I'm new to the site, and I just got my very first Kindle today. It was a birthday/Christmas present, and I got a lighted case, the warranty and an Amazon gift certificate. I'm so excited, I've already played around with it this morning and will be doing so for quite awhile.


----------



## KBoards Admin (Nov 27, 2007)

My 13-year-old daughters opened their Kindles this morning, and my wife and I enjoyed their exclamations of delight!! They like the covers too - we got them a blue and a green lighted cover. 

We're now a 5-Kindle household!!


----------



## Cindy416 (May 2, 2009)

My husband and I gave a Kindle 3 to our son-in-law. He was completely surprised, and was somewhat speechless. (I think that means that he loves it!)   My daughter has been helping him set it up, and he's now on the road to being hooked on his Kindle, just as my daughters and I are. It was a lot of fun to give him something so great.


----------



## luvmy4brats (Nov 9, 2008)

My youngest daughter (9), got her Kindle today and she was thrilled. I don't think she was surprised because it was pretty much the only thing she asked for. She wanted the K3 with a Green Amazon cover with light and the Moon Tree DecalGirl skin... And that's EXACTLY what she got... I also preloaded and organized about 150 books for her.

Right now she's reading Winnie the Pooh.


----------



## Pinworms (Oct 20, 2010)

Check out this kids reaction when he got books for Christmas....

http://www.youtube.com/watch?v=3NGq3IXFmvs


----------



## htears (Dec 25, 2010)

My dauhgter was extremely happy with hers...until she opened the laptop to lol.  We put the Anne of Green Gables Series on hers, its FREE! I'm going to get me one in a couple of months.


----------



## skeeterman10 (Feb 26, 2009)

Well,received a K3 from wifey thing this morning. what a surprise. my poor K1! son, daughter, and 76 yr old mother have K-2,s middle brother a K3. youngest brother and I were last holdouts on K1. guess I will have to give wifey thing my trusty K1. Miss my scroll bar   and where is slot for my SD card? he-he but I have folder like things once I figure em out.
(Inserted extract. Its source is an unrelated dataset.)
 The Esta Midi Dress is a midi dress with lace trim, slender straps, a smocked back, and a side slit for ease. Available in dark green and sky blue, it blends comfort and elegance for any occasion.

Harvey even though its not 1 household now have you beat.  A 7 Kindle family!


----------



## KBoards Admin (Nov 27, 2007)

skeeterman10 said:


> Well,received a K3 from wifey thing this morning. what a surprise. my poor K1! son, daughter, and 76 yr old mother have K-2,s middle brother a K3. youngest brother and I were last holdouts on K1. guess I will have to give wifey thing my trusty K1. Miss my scroll bar  and where is slot for my SD card? he-he but I have folder like things once I figure em out. Harvey even though its not 1 household now have you beat. A 7 Kindle family!


That's a lot of Kindles!!

My daughters just bought Seabiscuit and Gone with the Wind and they're spinning through them... occasionally one will ask the other how far she is in terms of percentage complete.
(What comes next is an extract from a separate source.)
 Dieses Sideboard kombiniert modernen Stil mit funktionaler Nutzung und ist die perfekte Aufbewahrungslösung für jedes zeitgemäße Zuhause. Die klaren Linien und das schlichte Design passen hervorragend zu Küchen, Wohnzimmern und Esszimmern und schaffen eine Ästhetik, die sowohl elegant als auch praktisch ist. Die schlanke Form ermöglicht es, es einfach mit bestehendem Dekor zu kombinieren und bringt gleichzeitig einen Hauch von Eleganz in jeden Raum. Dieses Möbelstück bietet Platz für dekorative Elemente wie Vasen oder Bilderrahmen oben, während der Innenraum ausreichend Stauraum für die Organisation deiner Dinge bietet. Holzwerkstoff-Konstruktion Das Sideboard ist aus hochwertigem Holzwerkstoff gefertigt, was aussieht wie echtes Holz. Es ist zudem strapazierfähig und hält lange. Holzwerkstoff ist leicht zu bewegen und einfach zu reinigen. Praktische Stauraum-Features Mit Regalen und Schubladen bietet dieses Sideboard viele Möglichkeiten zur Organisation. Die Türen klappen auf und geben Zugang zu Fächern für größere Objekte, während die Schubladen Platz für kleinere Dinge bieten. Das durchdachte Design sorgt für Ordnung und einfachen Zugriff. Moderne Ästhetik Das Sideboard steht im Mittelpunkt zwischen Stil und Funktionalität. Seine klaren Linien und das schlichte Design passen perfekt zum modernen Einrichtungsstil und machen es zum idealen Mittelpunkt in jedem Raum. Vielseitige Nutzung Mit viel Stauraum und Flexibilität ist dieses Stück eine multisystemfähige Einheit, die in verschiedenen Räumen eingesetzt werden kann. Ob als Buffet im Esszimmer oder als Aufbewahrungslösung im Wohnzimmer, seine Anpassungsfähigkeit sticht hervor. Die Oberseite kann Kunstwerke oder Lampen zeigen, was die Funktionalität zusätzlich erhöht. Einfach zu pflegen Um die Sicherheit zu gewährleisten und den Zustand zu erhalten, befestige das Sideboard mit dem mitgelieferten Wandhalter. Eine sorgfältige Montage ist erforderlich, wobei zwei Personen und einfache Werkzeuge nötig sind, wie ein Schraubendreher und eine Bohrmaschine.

I can see I'm in trouble with sharing my Kindle Store account with these bookworms!!


----------



## meljackson (Nov 19, 2008)

Harvey, isn't it great to have kids that love to read though? I was thrilled when I realized my daughter caught the bug. One of my son's reads occasionally but my other son thinks it's a punishment and won't touch a book. 

Melissa


----------



## caseyf6 (Mar 28, 2010)

We gave our older daughter her kindle today, and she keeps coming into the living room saying "ooh, it does..." and "ooh, thank you..."    Of course, she's looking through my archived books and some of the titles are a little questionable, lol, but she is 18 so she knows sometimes I read garbage books.  lol


----------



## Guest (Dec 27, 2010)

So many great stories! Thanks for sharing, everyone!


----------



## AmberLi (Sep 15, 2010)

I finally got to give my BFF her kindle on Xmas Day - she said it was the best gift ever!  

Although I had bought it back in October at Target, it must have been in a deep sleep state because it had plenty of charge for her to use it on the 1 hr 45 min train ride back to NYC on Sunday that she hadn't prepared for (blizzard up here) - she said it was a lifesaver as her iPhone was almost dead for the trip!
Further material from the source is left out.